The film is interspersed with sweet interviews of couples who tell their own tales of love triumphing over all. While the anecdotes are staged, they feel real and are a nice touch to a movie that asks its audience to identify with its lead characters. As Harry, Crystal is ever-pessimistic but also an evidently good man beneath his abrasive personality. He finds the right tone of voice as he plunges through monologues that are recited perhaps not only from experience, but from memory... and repetition. Ryan is her usual pixie self as Sally, but the role seems underwritten during parts when she picks fights with Harry at the times when she loves him the most.

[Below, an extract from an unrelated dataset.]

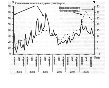 Рис. 4. Украина: темпы прироста потребительских цен, социальной помощи и других полученных населением трансфертов в 2003-2008 гг.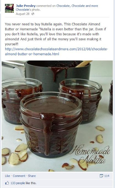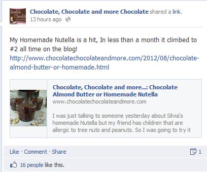 Hopefully you’re reading my tips and finding a few things you can do to make facebook work for you. I wrote about setting up your page and sharing your photos here. Before we move on to Sharing, I just want to restate when you share your posts-SHARE A PHOTO! I did a test, just to verify what I already knew. I shared a link of my Homemade Nutella-just the link with a nice little comment.

Directed by Rob Reiner, When Harry Met Sally... will mean something different to each person who watches it. Thanks to the set-up of some of the topics of conversation in the movie, it opens the door to subject matter about love, life, dreams and friendship. And although it falters from time to time, it is always well-intentioned and inoffensive, has some pretty good laughs, and finds a way to portray the bridged gap between the sexes without actually taking sides.

On a side note, I noticed When Harry Met Sally... is rated R, despite no nudity, violence, drug use or even language other than the "F" word a total of two times. Meg Ryan's infamous restaurant scene aside, this movie is usually broadcast complete and as is on TV all the time. The R rating doesn't make any sense to me.